Implementation decisions

The main challenge for the backend was keeping all the clients in sync with the state of the board. Our solution was to initialize the client state by having it listen for real-time tile placements immediately and then make a request for the full board. The full board in the response could be a few seconds stale as long as we also had real-time placements starting from before it was generated. When the client received the full board it replayed all the real-time placements it received while waiting. All subsequent tile placements could be drawn to the board immediately as they were received.

For this scheme to work we needed the request for the full state of the board to be as fast as possible. Our initial approach was to store the full board in a single row in Cassandra and each request for the full board would read that entire row. The format for each column in the row was:

(x, y): {‘timestamp’: epochms, ‘author’: user_name, ‘color’: color}

Because the board contained 1 million tiles this meant that we had to read a row with 1 million columns. On our production cluster this read took up to 30 seconds, which was unacceptably slow and could have put excessive strain on Cassandra.

Our next approach was to store the full board in redis. We used a bitfield of 1 million 4 bit integers. Each 4 bit integer was able to encode a 4 bit color, and the x,y coordinates were determined by the offset (offset = x + 1000y) within the bitfield. We could read the entire board state by reading the entire bitfield. We were able to update individual tiles by updating the value of the bitfield at a specific offset (no need for locking or read/modify/write). We still needed to store the full details in Cassandra so that users could inspect individual tiles to see who placed them and when. We also planned on using Cassandra to restore the board in case of a redis failure. Reading the entire board from redis took less than 100ms, which was fast enough.

Illustration showing how colors were stored in redis, using a 2×2 board:

We were concerned about exceeding maximum read bandwidth on redis. If many clients connected or refreshed at once they would simultaneously request the full state of the board, all triggering reads from redis. Because the board was a shared global state the obvious solution was to use caching. We decided to cache at the CDN (Fastly) layer because it was simple to implement and it meant the cache was as close to clients as possible which would help response speed. Requests for the full state of the board were cached by Fastly with an expiration of 1 second.
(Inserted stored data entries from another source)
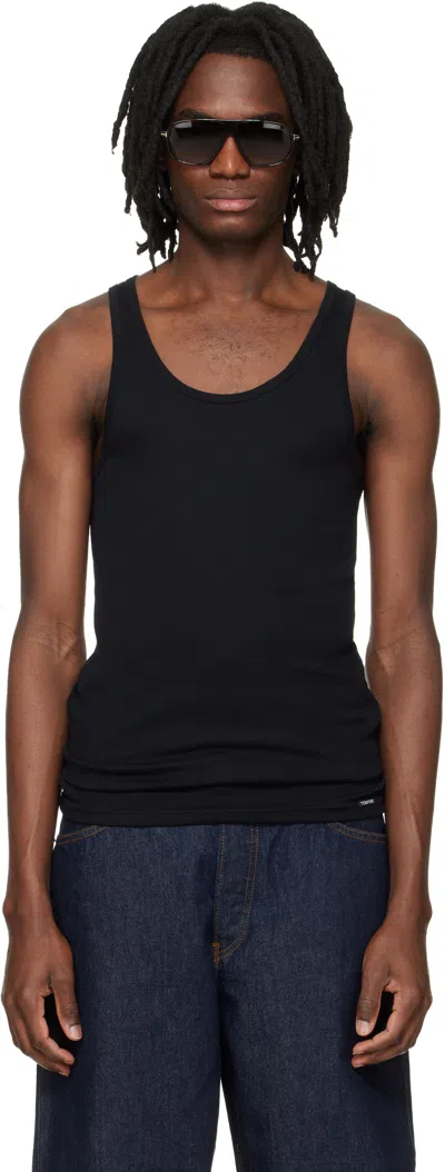 Mens Black Round-neck Rib-knit Wool Tank Top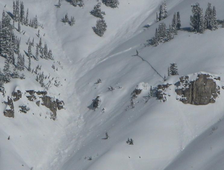 Could see this nice crown from Hwy 89.... The south facing slope certainly isn't the most common one in the area to see avalanches on..... The avalanche likely occurred near the end of the weekend storm, say, Sunday 4-10-2011....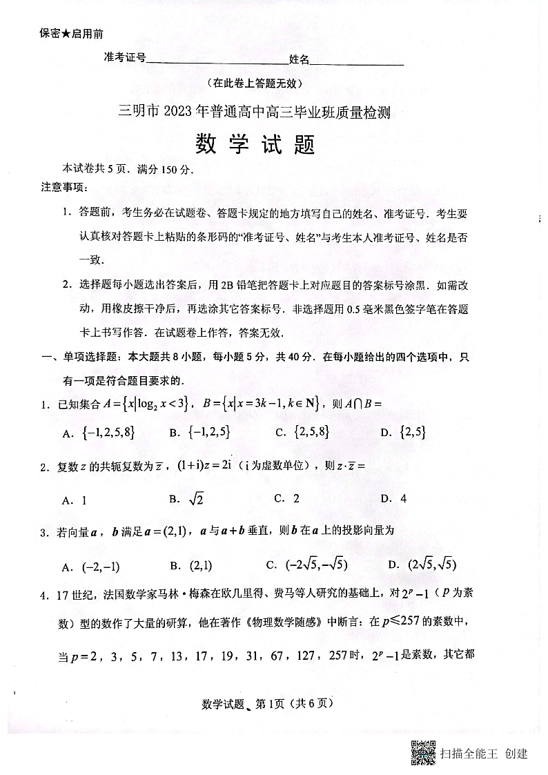 数学试题-2023三明三检试卷及答案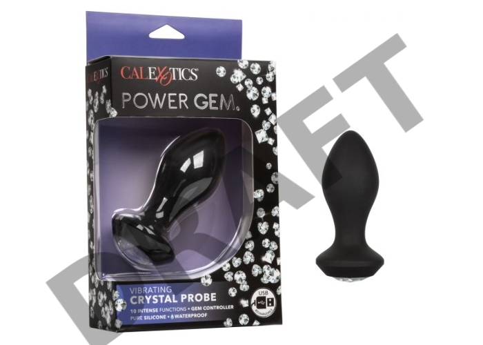 Черная анальная пробка с вибрацией и кристаллом Power Gem Vibrating Crystal Probe - 10,75 см.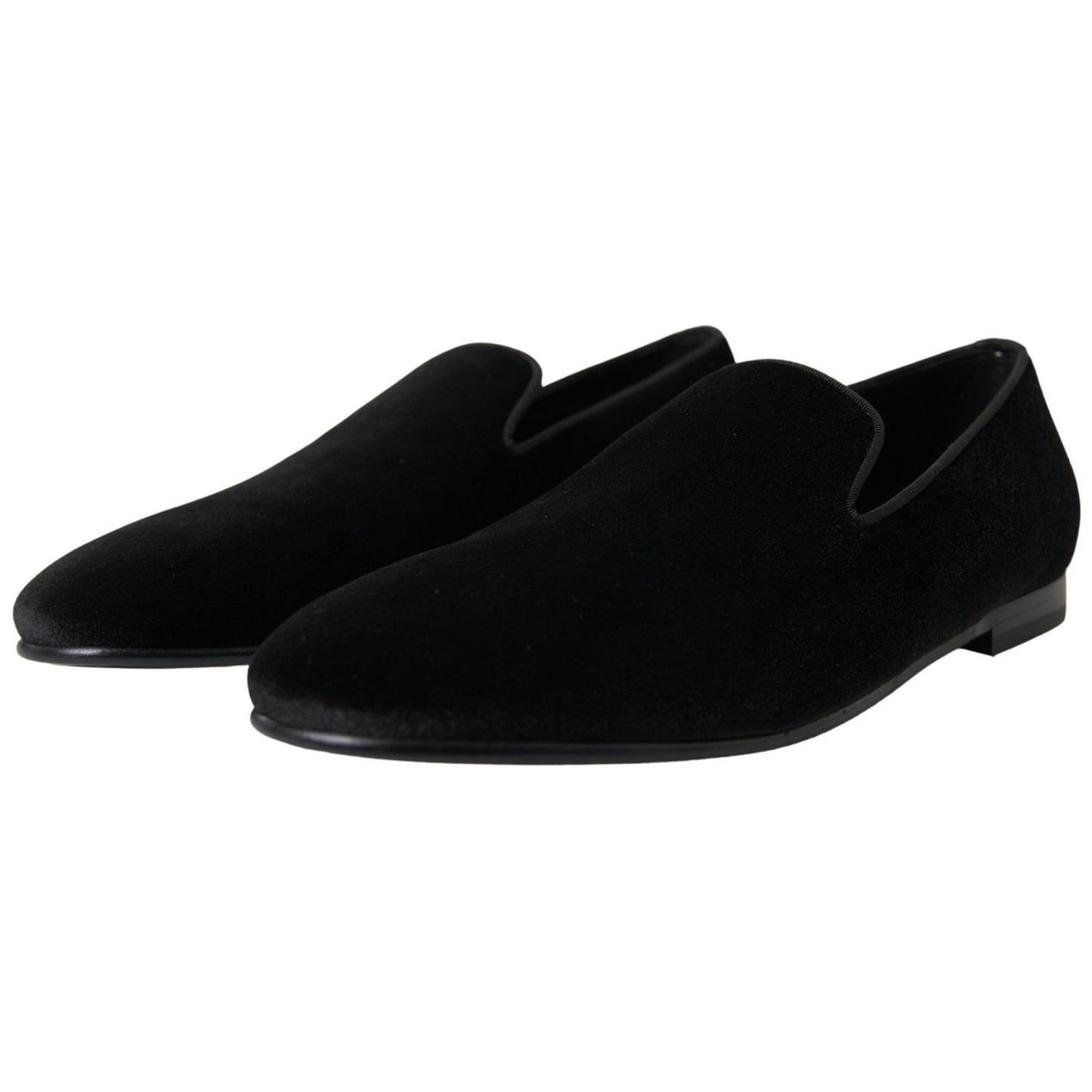 • Dolce & Gabbana Black Velvet Loafers Formal Shoes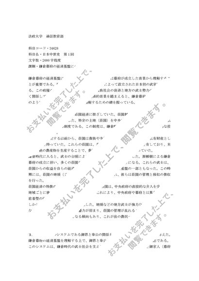 【法政通信】法政大学通信教育 34628 日本中世史 第1回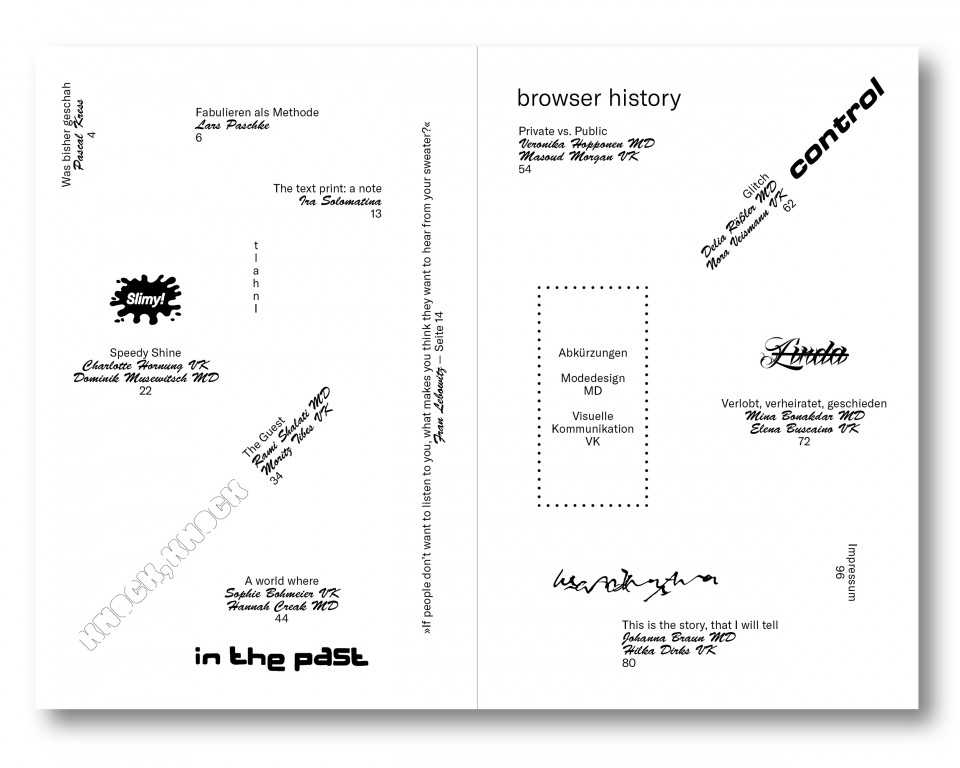 Students of visual communication and fashion design have worked in teams of two to create a collection that tells a story through both clothing and typography. The results are presented in this publication.

We also added the stale-while-revalidate cache control header option to prevent more requests from falling through than we wanted when the cached board expired. Fastly maintains around 33 POPs which do independent caching, so we expected to get at most 33 requests per second for the full board.

We used our websocket service to publish updates to all the clients. We’ve had success using it in production for reddit live threads with over 100,000 simultaneous viewers, live PM notifications, and other features. The websocket service has also been a cornerstone of our past April Fools projects such as The Button and Robin. For r/place, clients maintained a websocket connection to receive real-time tile placement updates.

API

Retrieve the full board

Requests first went to Fastly. If there was an unexpired copy of the board it would be returned immediately without hitting the reddit application servers. Otherwise, if there was a cache miss or the copy was too old, the reddit application would read the full board from redis and return that to Fastly to be cached and returned to the client.

Request rate and response time as measured by the reddit application:

Notice that the request rate never exceeds 33/s, meaning that the caching by Fastly was very effective at preventing most requests from hitting the reddit application.

When a request did hit the reddit application the read from redis was very fast.

Draw a tile

The steps for drawing a tile were:

  1. Read the timestamp of the user’s last tile placement from Cassandra. If it was more recent than the cooldown period (5 minutes) reject the draw attempt and return an error to the user.
  2. Write the tile details to redis and Cassandra.
  3. Write the current timestamp as the user’s last tile placement in Cassandra.
  4. Tell the websocket service to send a message to all connected clients with the new tile.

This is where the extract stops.